6. Understand the customer

Can’t we just pretend they’re cuddly Mogwai that turn into Gremlins if we feed them after midnight?

7. Target a rapidly growing market or one where you can deliver growth

Isn’t it easier to grow a company when there isn’t any growth in the market or the business itself?  That’s probably really deep if you think about it…

8. Confront reality 

Sounds good “on paper,” but in the real world I much prefer to ignore the real world.

9. Have great focus

I’m sorry, what were we talking about?  I was trying to figure out why the yellow angry birds are so good at breaking wood but so useless with glass.  Is wood harder than glass?  Depends on how thick it is… basketball backboards are made of really thick glass.  I wonder if it’s possible to make a coffee table out of one?

10. Take calculated risks

Thanks for being so specific.  

This Post Has 10 Comments

  1. Sophie

    Ooh ooh, I have one ; “Innovation is about harnessing creativity”

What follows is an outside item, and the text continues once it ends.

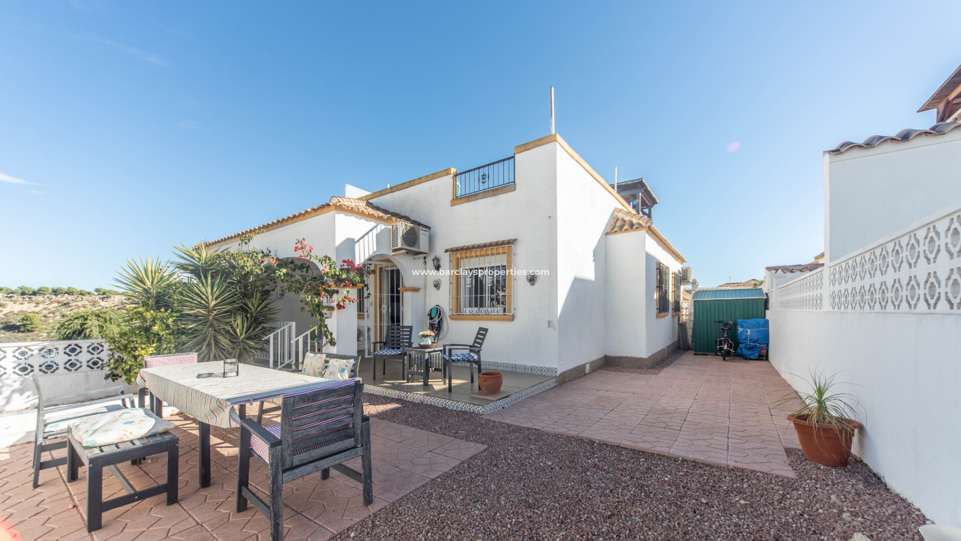 Une arche mène au couloir où se trouvent trois chambres doubles (deux d'entre elles ont des armoires encastrées et des ventilateurs de plafond et une des chambres a la climatisation). Une salle de bain de taille familiale se trouve au bout du couloir, avec une douche murale. De retour à la cuisine, nous trouvons une porte menant à la buanderie / patio avec des escaliers menant au solarium sur le toit avec un fantastique bar couvert, avec des tabourets de bar et même une cloche sur le côté pour ceux qui souhaitent laisser des pourboires pour le barman ! Cette zone est parfaite pour les divertissements pendant les chaudes journées et soirées d'été. Le solarium offre également des sièges pour les bains de soleil ainsi que des vues sur la ville voisine de Guardamar Del Segura.

    or the king of all empty phrases “think outside the box”

  2. Brock

    Very funny, but also violates several of the 10 tips. It’s tempting to answer each “useless tip” with a “Then why did so-and-so do such-and-such?” Sometimes the answer is that “It seemed like the right thing to do at the time” and sometimes it’s “extenuating circumstances” and sometimes it’s just “greed, power, and politics.” I trust Thomas’ point is that choices are not always so obvious and the “how to” is where top executives and consultants earn their money for each of the points Thomas makes. My laughter has subsided to a chuckle.

  3. Adnan

    My favorite is “stay open to new ideas” Duh!

    Great post, made me smile!

  4. Charlie Levenson

    I would argue that #2 is not as useless as you think, DEPENDING ON WHAT YOU MEAN BY “VISIONARY”.

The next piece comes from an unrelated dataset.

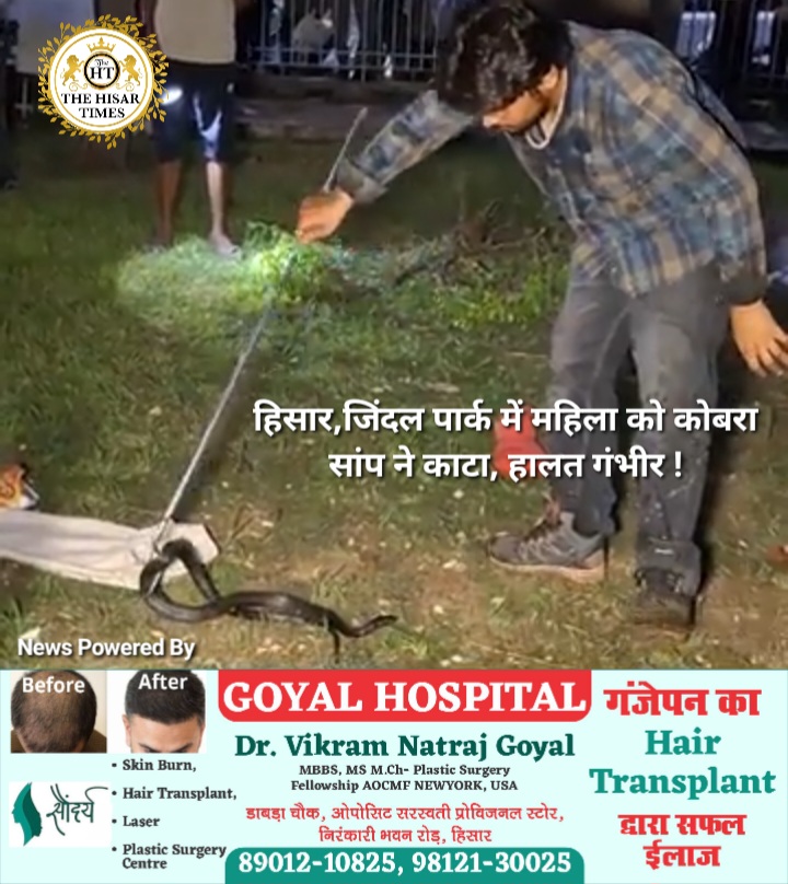 हिसार,जिंदल पार्क में महिला को कोबरा सांप ने काटा, हालत गंभीर !

    So many leaders in business today have a vision that doesn’t go much past the current 3-month cycle and the bottom line for THAT cycle, without any regard at all for the LONG TERM issues. They are interested in maximizing short-term profits so they can make their bonuses and cash out their stock options without any sensitivity or concern for the life-cycle of the company itself, since they are planning on being gone in 3-5 years anyway.

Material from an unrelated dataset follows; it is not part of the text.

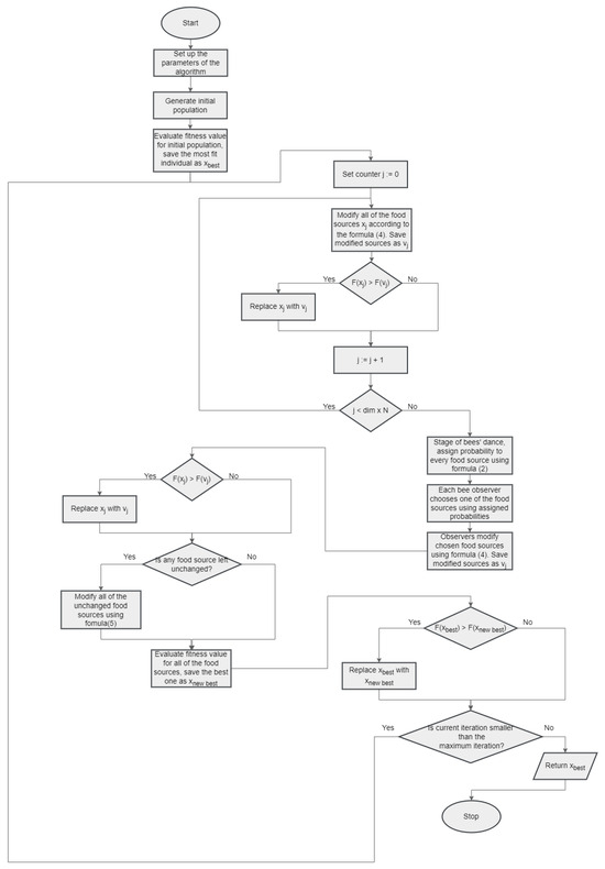 Artificial Bee Colony (ABC) is an optimization metaheuristic algorithm, one of many inspired by the behaviors observed within the animal kingdom. One of the first publications presenting this algorithm is [16]. This algorithm has been applied in the optimization of various processes, for example [17,18,19,20,21].

    Being able to see past THIS quarter’s profits/losses (or even this YEAR’S) and to understand the potential of markets and products that have NOT yet matured is what I consider “visionary,” and there are a lot of MBA CEO’s that do NOT have this skill.

  5. Jessie

    I like Charlie’s point, but I think he’s also making Thomas’s point which is nobody defines what is or isn’t “visionary” or can even agree on it. One man’s vision is another man’s fools errand.

  6. Jed Armstrong

    How about “be persistent”? As opposed to quitting right away

  7. Penelope Clayton-Smith

    Find a niche and fill it….still a pearl of wisdom…it’s just finding that niche!

  8. David P.

    I’ll start with confession–several of those books rest on my bookshelf. And I read them enthusiastically. But running with Thomas’ not so subtle point begs a question for me, “Why do we find these truisms so intoxicating?” I’ll list a couple possible answers but would enjoy hearing more:

    – Ambiguity is easier to swallow. And easier to use as defense when efforts fail.
    – We want something easy to hang our hope on. Innovation is, quite frankly, really really hard. Oversimplified answers help the medicine go down.
    – Often we really don’t want to go through the process of real, difficult change in order to achieve innovation. We want to tweak. Everything on that list offers safe ways to ‘tweak’ without getting into too much trouble.

    Thoughts? Additions?

  9. Mike B.

    Lots see the same things, make the same observations, then think they’re the first ones to notice. That’s why these obvious tips keep persisting. I also agree ambiguity is easier to swallow because people prefer to keep things vague or don’t know enough to be specific

  10. Peter Gaunt

    Great post, but…we can all do this…
    DISRUPTIVE INNOVATION – If you want to start up a new business with growth potential do something nobody else is doing for customers the big boys are ignoring.